Yes, kaeela, we were all saddened when the Zae Grey cabin on the Mogollion Rim burned to the ground several years ago. He wrote many of his successful novels there, and he also had a cabin on Oak Creek near Sedona, Arizona. One novel he wrote while in residence there was "The Call of the Canyon."
I like L'Amour a lot too.
I was much impressed with Will James' novels, "Smoky," "Sand" and "The Lone Cowboy."
I have a fair collection of books devoted to the West, fiction and non-fiction. I bought a book titled, "Hopalong Cassidy" by Clarence E. Mulford (because "Hoppy" was my boyhood hero in "B" western films)in a super used book store in Washington, D. C. when I lived there thirty years ago. The book could not find a publisher today. It is fill with racial slurs (aimed primarily at Mexicans) which was rather common in those days I suppose.

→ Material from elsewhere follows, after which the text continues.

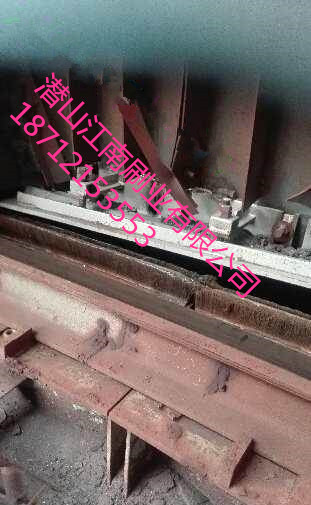 现有的鼓风式环冷机底部密封基本上都是采用橡胶密封,橡胶板多采用耐磨橡胶,具有一定硬度和弹性。由于鼓风环冷机长期在高温、高粉尘环境下运行,密封板磨损较严重;其次,橡胶板有一定硬度,当其与台车梁底部或块料碰撞时易发生折断,从而导致漏风。
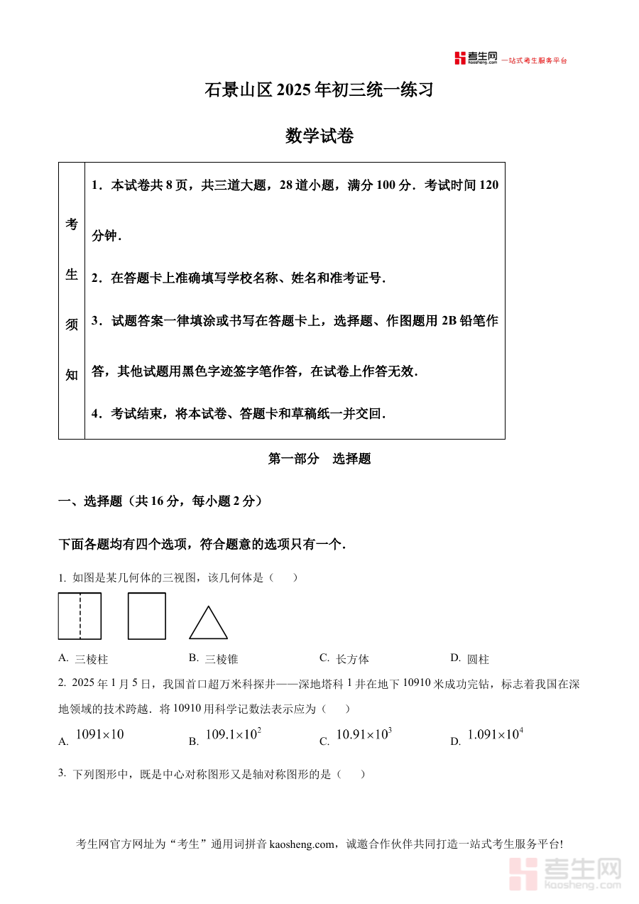 《精品解析:2025年北京市石景山区九年级统一练习(一模)数学试题 (原卷版)》是2025年北京市石景山区针对九年级学生开展的数学学科统一练习(一模)相关备考资料,精准对应该区域九年级数学阶段性考试的需求。作为本地重要的模拟考试资料,它能够帮助使用者提前熟悉石景山区一模考试的命题特点与考查方向,为后续的系统复习与备考准备提供可靠依据。

It was published in 1910.
For a glimpse of early Arizona life (1880's) I would recommend Martha Summerhayes book, "Vanished Arizona." It is an excellent of frontier life through the eyes of a young woman who married a young second Lt. fresh out of West Point who was stationed to Arizona during most of the turbulent Indian years.
L. H.: thanks for starting this thread! A welcome change from politics.